Premier Dalton McGuinty's vaunted wind-power projects face major trade challenges.
The European Union recently joined Japan's complaints to the World Trade Organization about McGuinty's buy-Ontario rules for developing wind and solar energy via his FIT program. That case is moving right along. The World Trade Organization has set up a panel to review the situation.
An academic trade expert I consult often says this will be "a slam dunk" for Japan and the European Union.
There will be a lot of devastated Ontario companies that got into the wind and solar equipment manufacturing business when Canada loses this case.
And then there's Mesa Power, which is owned by T. Boone Pickens who tends to win his many legal battles.
He has served notice that he believes Mesa Power has been done dirt by McGuinty's rules, including a change from regional to province-wide competition for wind-power projects. Mesa Power says that means it lost four projects to Boulevard Associates of Canada; Pickens is suing for $775 million.
Pickens is also challenging the buy-Ontario provisions of McGuinty's FIT program. And he also says the $7-billion deal signed with Samsung of Korea is unfair because his company and others were not able to bid on the work.

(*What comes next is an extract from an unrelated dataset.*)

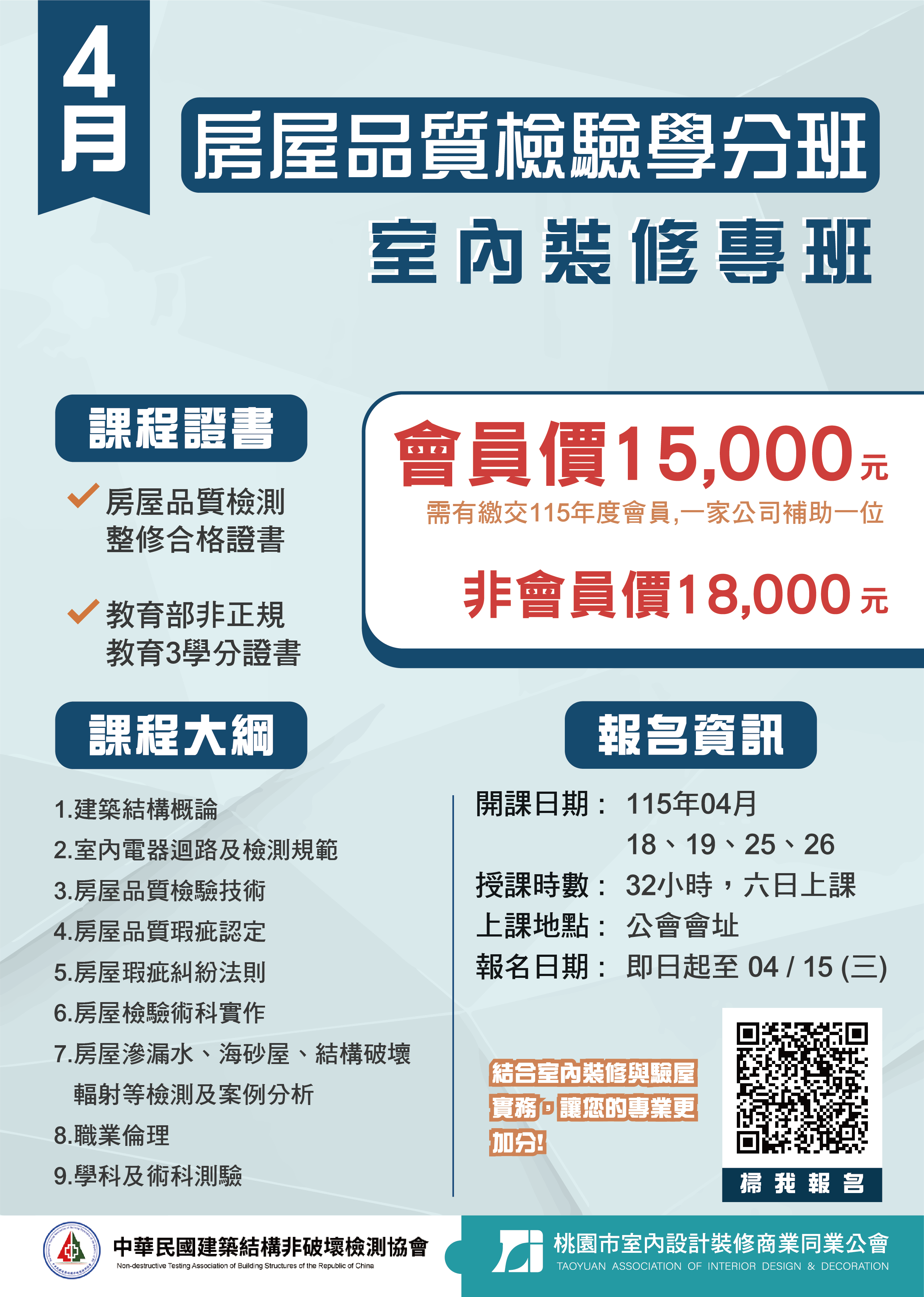【房屋品質檢驗暨室內裝修專班|4月開課】

So why is McGuinty so secretive about these trade challenges during the election campaign?
Oh, yes, and then there is the matter of a lawsuit by Shawn and Tricia Drennan who oppose the Kingsbridge II wind farm. They have hired Toronto lawyer Julian Falconer to try to over-turn secrecy clauses put into buyouts of people affected by wind-power projects.
Apparently McGuinty's wind-power generators don't want the bought-out people blabbing about the adverse effects the turbines had on them.